Stationary Density Ratio

Updated 1 January 2026

Stationary density ratio is a metric that compares steady-state distributions, enabling reweighting and correction across various physical and statistical models.
It underpins applications in off-policy reinforcement learning, multiphase flow simulation, mass transport modeling, and impurity diagnostics in plasma systems.
Advanced algorithms leverage density ratio estimation to reduce bias and enhance convergence through techniques like marginalized importance sampling and variance reduction.
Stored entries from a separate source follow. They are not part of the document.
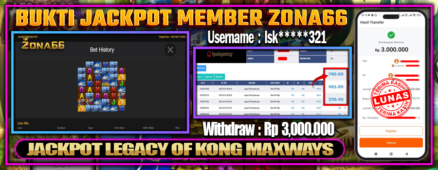 KEMENANGAN! MEMBER ZONA66 MERAIH JACKPOT LEGACY of KONG MAXWAYS! 07 OCTOBER 2025
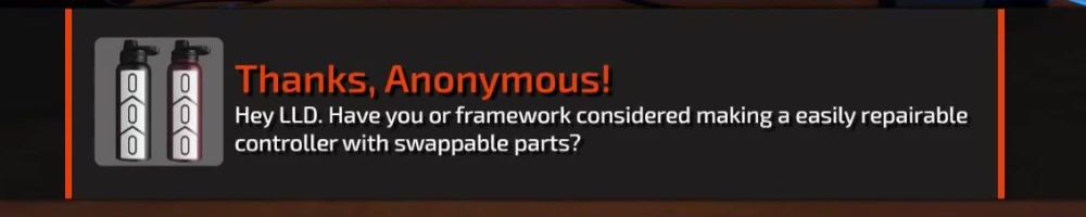 Thanks, Anonymous! Hey LLD. Have you or framework considered making a easily repairable controller with swappable parts?
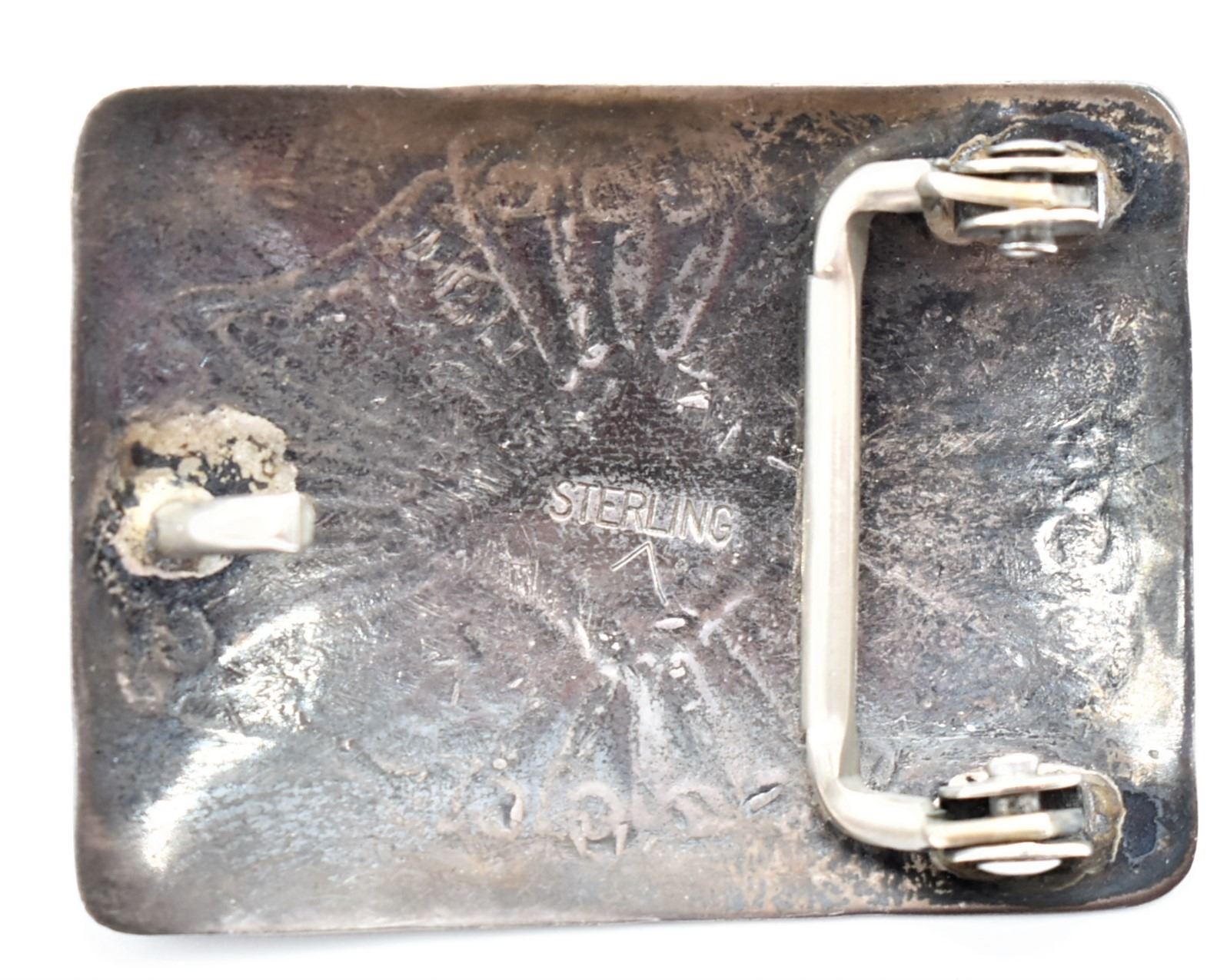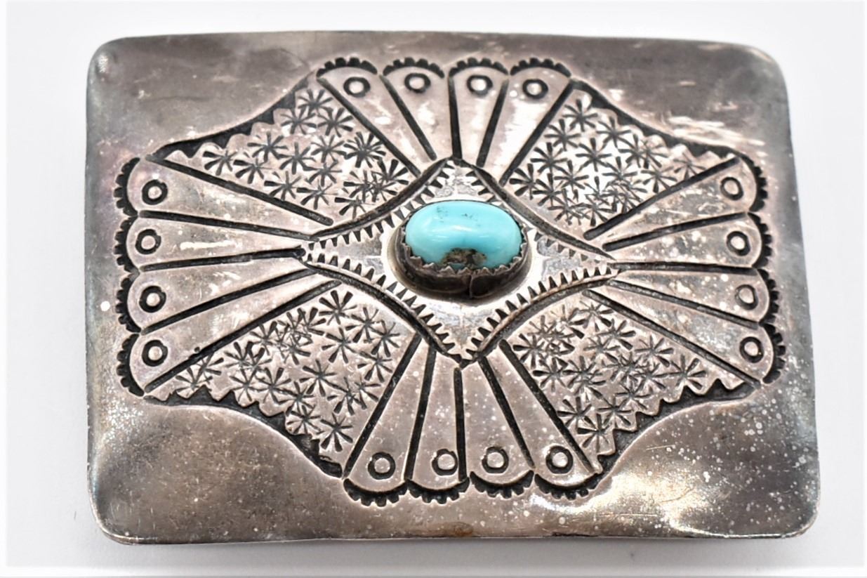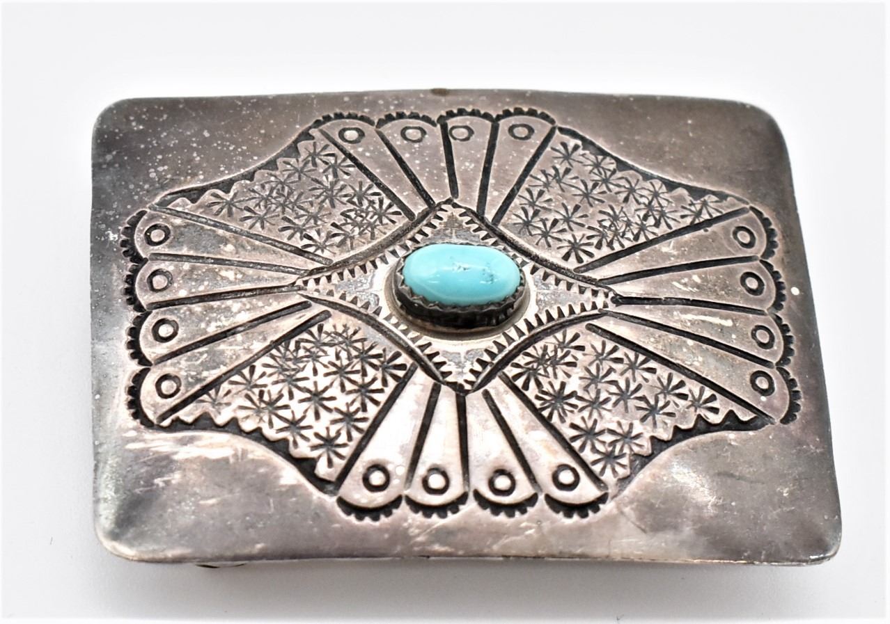 Historic Antique Navajo Sterling Turquoise Belt Buckle, hand stamped details, measures 2'' x 1.5'', stamped sterling

A stationary density ratio quantifies the relative prevalence of a physical or statistical quantity between two reference distributions, regimes, or boundary locations under time-invariant (steady-state) conditions. Its concrete definitions and operational roles differ substantially depending on the context: reinforcement learning (density ratio correction), multiphase flow models (liquid-vapor coexistence), mass transport in inhomogeneous media, and stationary profile diagnostics in plasma turbulence. Across domains, stationary density ratio constructs serve to reweight, normalize, or contrast density values associated with steady-state distributions.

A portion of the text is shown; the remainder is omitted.